With the recent introduction of new generation anti-epileptic drugs (AEDs) in clinical setting, treatment strategies for patients with epilepsy have been developed. Lamotrigine (LTG) is one of the major AEDs and is used for the treatment of epilepsy and bipolar disorder. Patients with these diseases require long-term pharmacotherapy, even during the perinatal period. In the guidelines published by the Japanese Society of Neurology in 2018,⁷ LTG was identified as one of the AEDs with a low incidence of infant malformation when used as a single agent in pregnant women. However, the information available so far is still insufficient for medical staff to recommend breastfeeding to maternal patients after delivery because there have been some discrepancies in the description of evaluation of safety for taking LTG during lactation among information sources. LTG was evaluated as “L2 (Probably Compatible)” in Medication and Mothers' Milk (MMM) 2019⁸ and described as “Limited Human Data—Potential Toxity” in Drugs in Pregnancy and Lactation (DPL), 11th edition.⁹ The website LactMed contains information about using drugs for breastfeeding mothers, where it is described that breastfed infants should be carefully monitored for side effects and if skin rash occurs in infants, mothers should discontinue breastfeeding until the cause can be established.¹⁰ This discrepancy is a concern while prescribing LTG for women of childbearing age. It was reported that the frequency of prescribing AEDs, including LTG, for women from the preconception period to after conception has decreased and has not recovered to the previous levels even after delivery.¹¹

The oral bioavailability of LTG is ∼98%¹² and it can significantly penetrate breastmilk.¹³ LTG is mainly metabolized via hepatic UGT1A4.¹⁴ However, it is known that fetal glucuronidation enzymes are immature and develop postnatally.¹⁵ The LTG blood levels in infants can increase because of the limited capacity to metabolize LTG.¹⁶ Birnbaum et al. reported that there were large differences in the blood levels of LTG between infants.¹⁷ Previous reports have indicated that LTG taken by mothers during lactation may cause mild elevation in platelet count¹³ and severe apnea¹⁶ in infants. Furthermore, LTG can cause life-threatening skin rash as an adverse event (AE)^18,19 and a Blue Letter (one of the warning letters regarding medical safety) was issued in Japan on February 4, 2015.²⁰ This may be one of the reasons for avoiding the use of LTG in pregnant and breastfeeding mothers.
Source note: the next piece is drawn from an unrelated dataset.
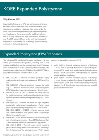 Kore expanded polystyrene (EPS), branded as airpop®, is widely used for insulation in the construction, architecture, and packaging industries due to its safety, performance, and ease of use. EPS is recyclable, has a low environmental impact, and is characterized by technical features such as moisture resistance, fire resistance, sound absorption, and cost-effectiveness. The document details the relevant European standards for EPS, its applications in the construction sector, and its certifications, highlighting its sustainability and versatility.
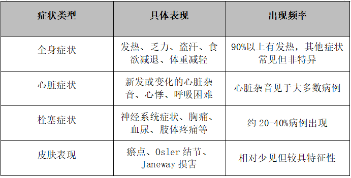 2.症状识别要及早:不明原因发热持续5天以上、新出现心脏杂音、乏力盗汗等全身症状,以及各类栓塞表现应怀疑感染性心内膜炎可能。

With the aim of accumulating clinical data through a comprehensive survey, we evaluated the safety of LTG therapy during lactation period on the well-being of the infants.

Materials and Methods

Plan-sheets for lactation

In 2011, we started the systematic evaluation of risk for infants whose mothers breastfed while taking psychotropic drugs in the Department of Obstetrics, Tohoku University Hospital. At first, pregnant women were asked to provide information about their disease symptoms, drugs used, dosage regimen, and their desire to breastfeed after delivery on the check sheets named as “plan-sheets for lactation” at ∼28 weeks of gestation. Based on the check sheets, midwives interviewed each pregnant woman about her background and noted her comments on mother's concerns and requirements regarding breastfeeding after delivery, and sent it to the Department of Pharmaceutical Sciences. Pharmacists collected the information about the safety of taking drugs, which are described on plan sheets for lactation during lactation period from sources such as MMM and DPL,^8,9 and then provided those information with the pharmacists' comments to the obstetricians. The obstetricians discussed the risk of breastfeeding of infants by mothers taking drugs during the lactation period with pediatricians, and explained the results of evaluation of the pregnant women by the medical staff.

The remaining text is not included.